I don't know how others feel, but I'll only buy items from Spirit AFTER Halloween is over. There's really no point in paying a 400% markup before Halloween. The only catch is that sometimes the desirable stuff is sold out. This year was decent. As usual, I did my research and planning early and today, loaded up on everything for next year. Now it's just a matter of where to store everything for the next 300+ days. 

Did anyone score big after Halloween?

What was a good deal for you?


----------



## Ghost of Spookie (Sep 28, 2008)

I just came back from Spirit this afternoon and my store said the store would be closing for the season tonight. I thought she said 6pm but not positive. Fortunately for me I'm home today so was able to run over there. My location still had a decent smattering of large props left. Think I got there around 1:30pm. I feel for those that are at work today and couldn't get there during the day.

In my area we also have a store called Halloween Bootique and they close today at 6pm for the season.

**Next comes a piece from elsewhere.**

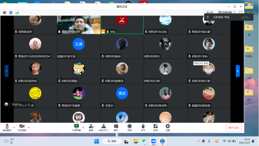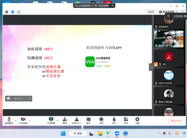 2022年12月6日晚,材料与能源工程学院举办了学习经验分享会,主讲人为2022年国家奖学金获得者——焊接191班的常子恒。此次分享会由辅导员邓珏主持,学院140余名同学参与学习。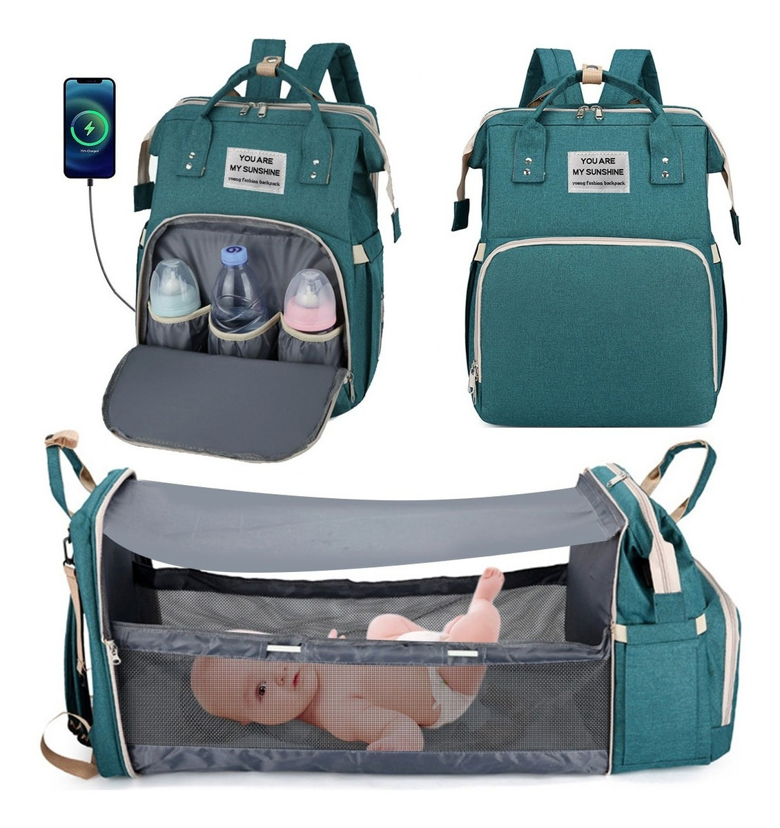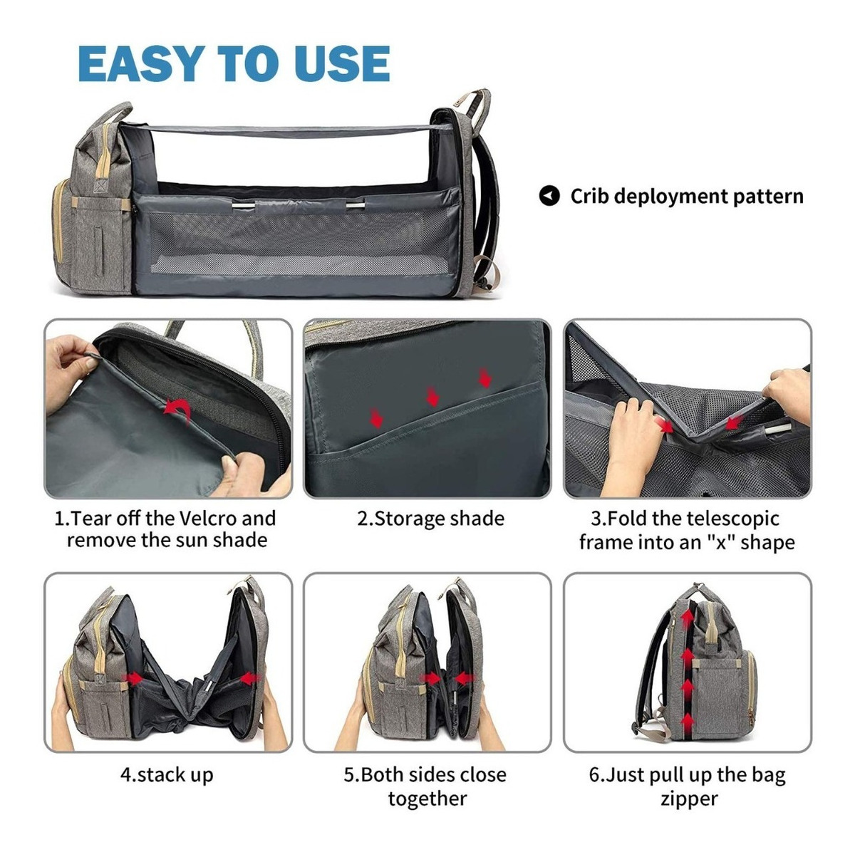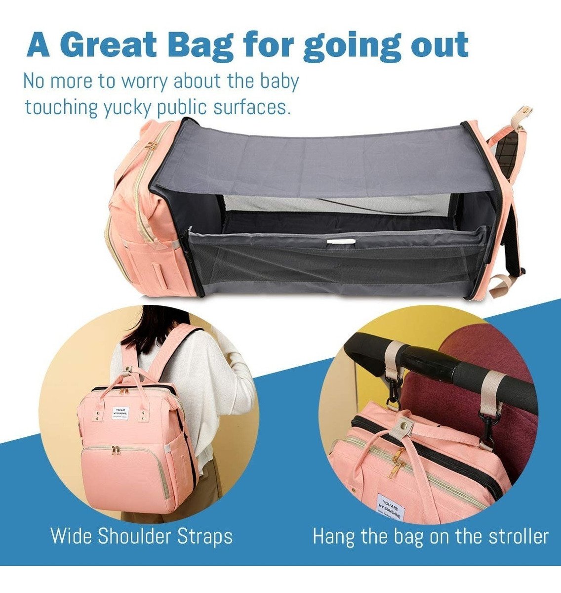 A simple vista puede parecer un bolso maternal, pero en instantes puede convertirse en una cuna para bebé o un cambiador portátil de 30,5cm x 70cm de largo proporcionando un espacio seguro e higiénico para cambiar tu bebé; o que descanse al aire libre, ya que cuenta con colchón, mosquitera y tela parasol.

I know that Halloween City is suppose to be open until 8pm tonight and they are staying open another day as well. I posted the info from my email from them under a separate thread here.


----------



## Xane (Oct 13, 2010)

Thankfully they closed at 9 yesterday so I had time to look around. Unfortunately I decided not to buy the bubble fogger because as fast as the last one I had broke (lasted *one* party and then quit on me) even $35 was a lot for a "one time use" prop. Target had them for $30... and told me they couldn't sell it because it had been "tagged as unsaleable". Since Spirit closes at 5PM today, I can't go back and get it. My fault, yes, but this "closing early" thing still annoys me. It would make much more sense to be open 12PM-8PM than 10AM-5PM. At least the first schedule people could go on their lunch hours *or* after work. I would have gone back in to buy it today since I didn't find a whole lot in all the other stores I went to. Oh well.


----------



## ARC1921 (Oct 22, 2007)

Yea!!!!! Finally got the reaper of souls prop at spirit for $75.00 and the bone collector for only $35.00. Both needed some repair but fixable....thanks spirit!!!!!!!!!!!!!!


----------